Dengan cepat Alea menggeleng. Membuang kertas yang digunakan untuk melapisi burgernya tadi, “I can’t help you. Kau tahu sendiri hubunganku dengan dosen sombong itu selalu berakhir buruk. Tapi, jika kau memintaku untuk menaikkan tensi darahnya, aku akan berdiri paling depan!” ujarnya dengan semangat yang menggebu-gebu mengingat betapa dendamnya ia pada sosok William Henderson.
“Kalau begitu rugi aku mentraktirmu!” ketus Venny sembari meninggalkan Alea sendirian di kantin. Saat ini ia benar-benar kesal karena tidak seorangpun yang bisa membantunya.
Alea tidak sama sekali berniat untuk menyusul. Ia hanya menatap punggung Venny yang menjauh. Helaan napasnya terdengar begitu pelan. Bagaimana caranya agar ia membantu sahabatnya ini disaat hubungannya dengan dosen itu tidak pernah akur?

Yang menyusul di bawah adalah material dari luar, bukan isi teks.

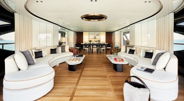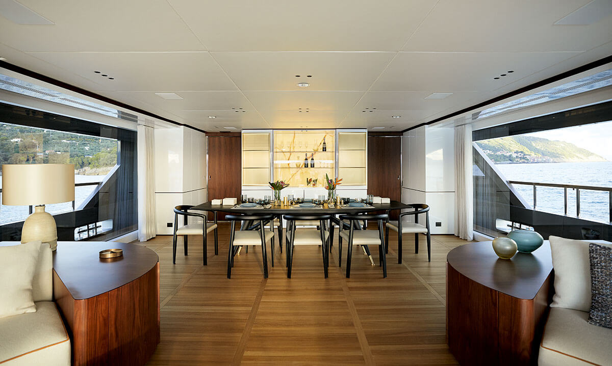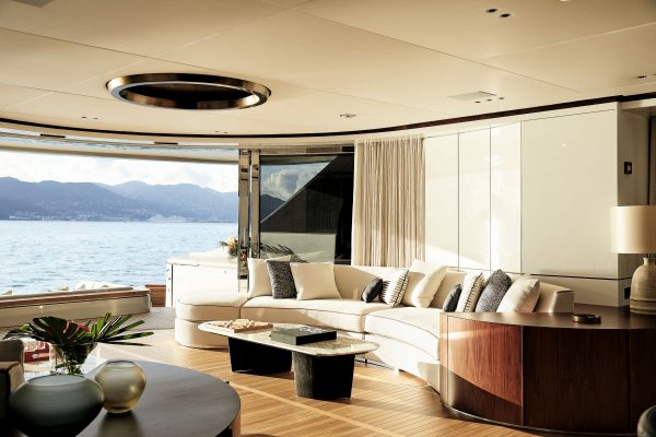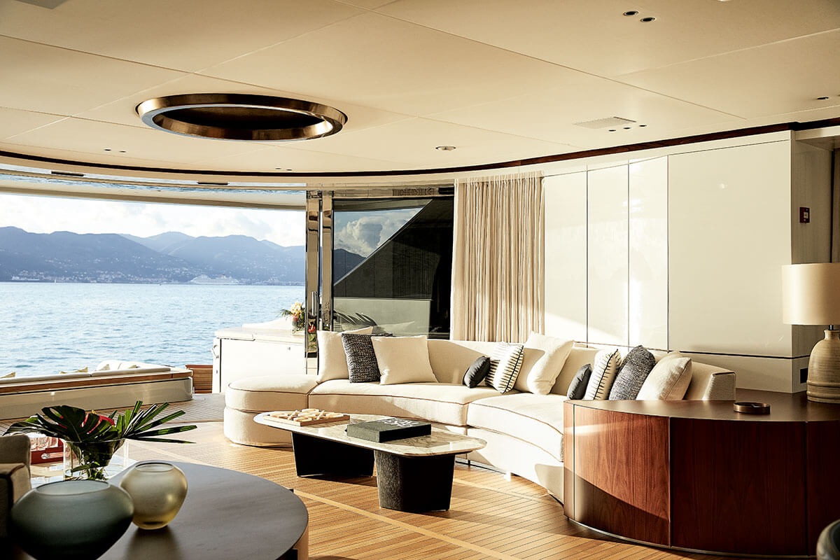 A sleek connection between the interior and the exterior areas allows owners and guests to smoothly transition through, suggesting relaxed atmospheres for an informal and flexible lifestyle on board.

Matanya seketika melebar saat mengingat seseorang yang bekerja sebagai dokter kandungan di rumah sakit yang bernaung di bawah perusahaan Henderson.
David!
Ya, mungkin sepupunya itu bisa membantu sahabatnya ini.
•••
Alea memarkirkan mobilnya di basement gedung apartemen yang di huninya sejak kuliah. Ia tinggal sebatang kara. Ibunya lebih dulu menemui ajal, sedangkan ayahnya memilih untuk menikah lagi dengan mantan kekasihnya ketika kuliah dulu. Dan Alea tidak pernah menyukai ibu tirinya itu. Beda halnya dengan Venny yang masih memiliki orang tua lengkap namun memilih tinggal sendiri di apartemen.
Langkahnya terhenti saat tiba-tiba dua orang berbadan tinggi dan berjas hitam menghalangi jalannya.

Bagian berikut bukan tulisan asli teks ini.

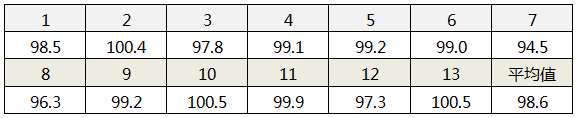 某次檢驗抽取了13個標注凈含量為100g的定量包裝商品,經(jīng)檢驗,其單件的實際含量如下表所示,請計算其判斷該檢驗批的凈含量是否合格,并列出判斷依據(jù)。(修正值:1.5g,允許短缺量:4.5g)

“Minggir!” serunya datar masih tidak memakai emosi.
“Kami tidak akan pergi sebelum anda mengikuti kami, Nona”
Alea berdecak pelan. Ah sialan! Tampaknya ia harus berdrama kembali. Melirik sekitarnya cukup sepi, Alea kembali berjalan untuk mencari tempat ramai. Ia berpura-pura menjadi makhluk lemah tak berdaya. “Aku tidak mengenal kalian. Bagaimana mungkin aku mengikuti kalian?”
Kedua lelaki berkaca mata hitam itu hanya diam tak menjawab. Mengikuti langkah kaki Alea yang sangat kecil.
“Kenapa kalian tidak menjawabku?” tanyanya bingung dan memilih berhenti saat mereka berada di depan gedung apartemen. Alea mengangguk pelan saat menyadari bahwa ini sudah cukup ramai sehingga ia bisa kabur. Gadis itu berbalik sambil berkacak pinggang menatap dua manusia kaku di depannya. “Lupakan! Kalau begitu aku akan berteriak TOLONG!!! PENCULIK... TOLONG...”
Security yang berjaga segera berlari ke asal teriakan.
Alea langsung bersembunyi dibalik pilar besar. Ia tertawa terbahak-bahak melihat bagaimana dua manusia kaku itu terkejut saat orang-orang sudah mulai berkumpul mengerumuni mereka.
Kedua lelaki itu langsung berlari ke dalam mobil dan mengumpat pelan.
“Lagi-lagi kita dikerjai!”
Osvald tak menjawab apapun yang Philip katakan. Ia hanya menatap tajam gedung apartemen yang di huni oleh gadis kecil tadi sebelum menyuruh Philip mengendarainya cepat. “Masih ada waktu lain kali.”
“Bagaimana ini? Apa yang akan kita katakan pada Mr. McRich?”
“Itu akan menjadi urusanku.” Osvald menyahut yakin karena tahu bahwa ia bisa memberi alasan untuk bos mereka.